Short term pain reduction

In the short term, we should look at emitting more descriptive errors and adding some operational guidelines and documentation around how to manage this problem. We believe that restarting pods using kubectl won't fix the problem of ATC having an incorrect perception of workers' volumes; so we did the following:

fly -t <target> land-worker -w <worker-name>
fly -t <target> prune-worker -w <worker-name>

Running prune will remove it from the ATC DB.

Long term fixes?

We could look into modifying the hard eviction limits or seeing if there's a way we can add a lifecycle hook to fire off a retire-worker request or something to ATC, to try to keep ATC DB and the k8s cluster synced up.

We can also look into changing the behaviour of the init container so that volumes are not totally destroyed when restarts happen. ~We really only want this to be true if a worker is ephemeral, but in the case of long-lived workers, it would be worthwhile to see if we can relocate and reattach those volumes when a pod comes back.~ spoke with @kcmannem - it looks like this was a deliberate engineering decision made for the Helm chart design. Will have to chat with @cirocosta when he is back

Note: We are using anti-affinity so we only have one pod per node, but it looks like if that one pod's memory is too high it still gets "evicted".

xtreme-sameer-vohra commented 4 years ago

Experienced this again week of Dec 16 - Dec 20th ( primarily on Dec 17th and 20th )

Here are some screenshots with what we observed

Dec 17th
Dec 20th

Note the workers with 0 containers, these had been restarted/recreated by K8s and while they were successfully registered, they were not in a usable state.

Interesting ones to note was that one node entered a ReadOnly Filesystem mode. We had to manually kill the node via the gcloud console

cirocosta commented 4 years ago

Hey,

With regards to the following:

Concourse doesn't know that these volumes were deleted and still maintains references to them in ATC.

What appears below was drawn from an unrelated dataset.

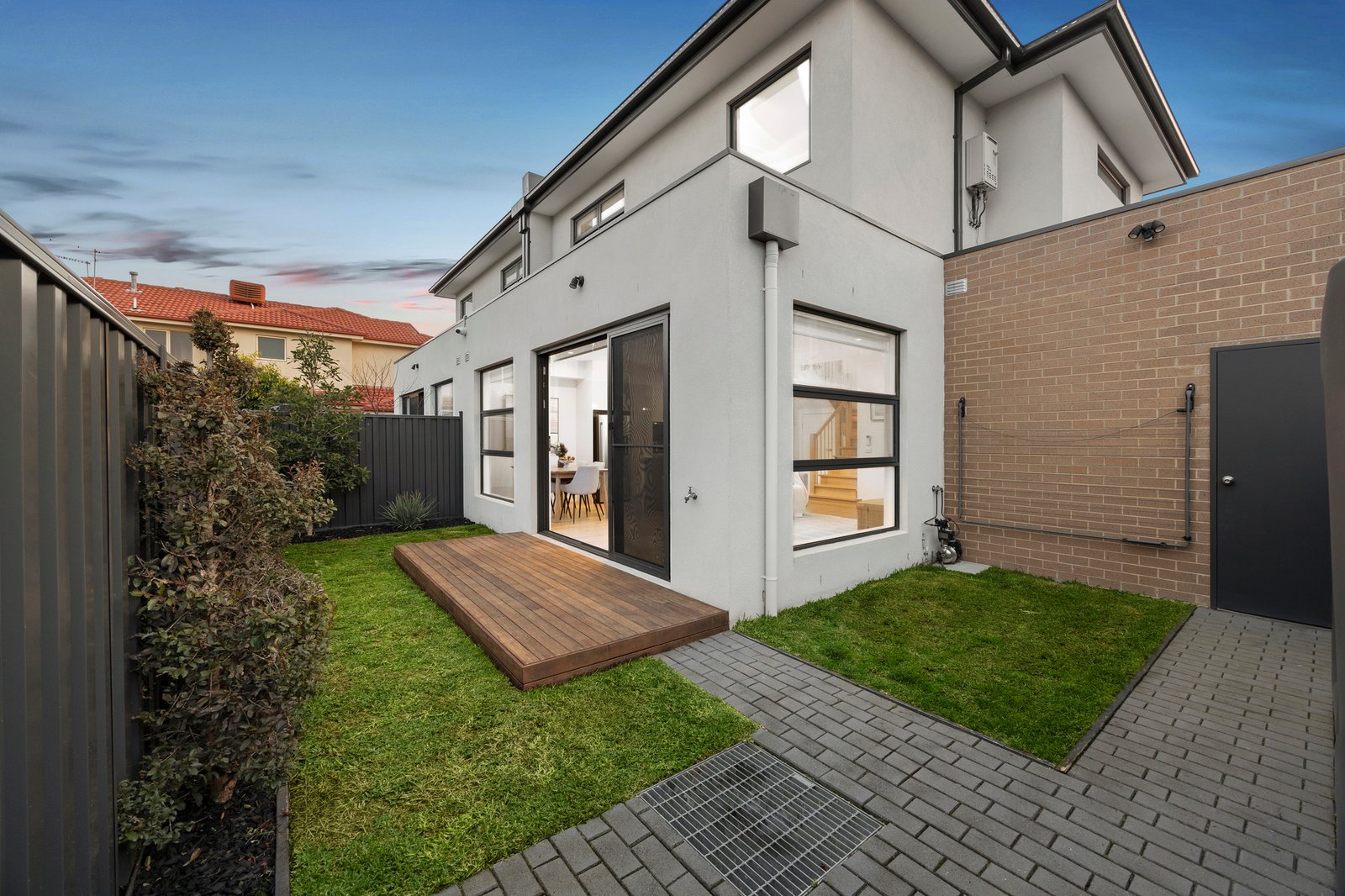 Step outside to a private northeast-facing courtyard, where a timber deck and paved terrace offer space to relax or entertain, framed by low-maintenance gardens.

do you remember if you've seen the error happening for long periods of time, and never recovering?

it turns out that we do have the proper diffing in place during the flow of reporting volumes and getting them marked as missing or not.

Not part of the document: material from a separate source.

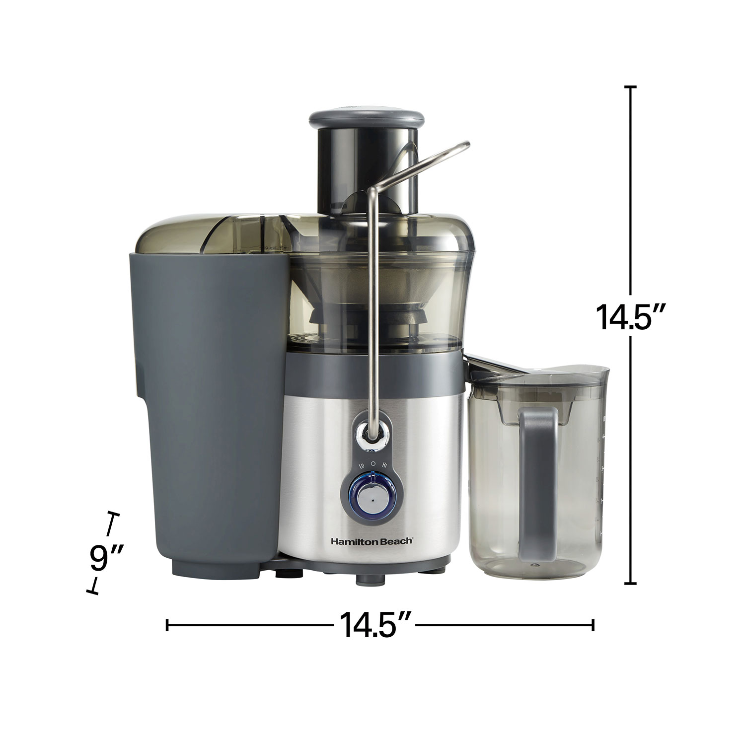 Enjoying fresh, healthy juice has never been easier. With its extra-large 3 inch chute, 850 watt motor and dual speeds, the Hamilton Beach Big Mouth® Easy Clean Juice Extractor quickly transforms whole fruits and vegetables into smooth, nutritious juice in seconds. The powerful dual-speed motor ensures maximum juice yield from hard and soft produce without clogging. High speed is great for apples, carrots and beets, and the low speed works well for leafy greens, grapes and tomatoes. The 3 inch Big Mouth® chute lets you easily add whole foods to save time and effort in the kitchen. Fit whole apples, peeled oranges, or handfuls of kale. The juicer's drip-free spout flips up to prevent drips in between batches for less mess. The large 40 oz. BPA-free pitcher with lid and froth separator keeps juice neatly contained and strains off the foaming froth when pouring juice. The juicer is easy to clean with a patented Easy Sweep™ Cleaning Tool that sweeps away pulp to cut strainer cleaning time in half. The pulp bin, juice bowl, lid and pusher are all dishwasher safe. The juice extractor is backed by Hamilton Beach, America's #1 juice extractor brand,* with a 3 year limited warranty.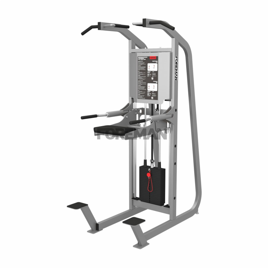- Откидываемая платформа позволяет выполнять подтягивания и отжимания на брусьях без использования противовеса.

e.g., during the ReportWorkerVolumes (iniated from the worker through `volumesweeper) flow:

    i. `missing_since` gets updated during the ReportWorkerVolumes flow

            this is supposed to account for the case where the database has volumes
            that the worker doesn't

                    github.com/concourse/concourse/atc/db.diff
                            /src/atc/db/container_repository.go:37 +0x4e
                    github.com/concourse/concourse/atc/db.(*volumeRepository).UpdateVolumesMissingSince
                            /src/atc/db/volume_repository.go:125 +0x9d5
                    github.com/concourse/concourse/atc/api/volumeserver.(*Server).ReportWorkerVolumes
                            /src/atc/api/volumeserver/report.go:65 +0xc68
                    net/http.HandlerFunc.ServeHTTP
                            /usr/local/go/src/net/http/server.go:2007 +0x44

            on the db, we can verify that being set:

                    concourse=# select handle, worker_name, missing_since from volumes;

                                    handle                | worker_name |         missing_since
                    --------------------------------------+-------------+-------------------------------
                     2a2cfbb8-ae97-4ada-4e80-6d8d64031cb7 | worker      | 2019-12-24 16:00:52.270141+00
                     89503487-3816-4bac-7b3c-b7109cc8b946 | worker      | 2019-12-24 16:00:52.270141+00
                    (2 rows)

    ii. volumes not known by the db get transitioned to `destroying`

            on a later tick, `destroy`ing volumes get actually destroyed by
            the volume sweeper (in the worker itself)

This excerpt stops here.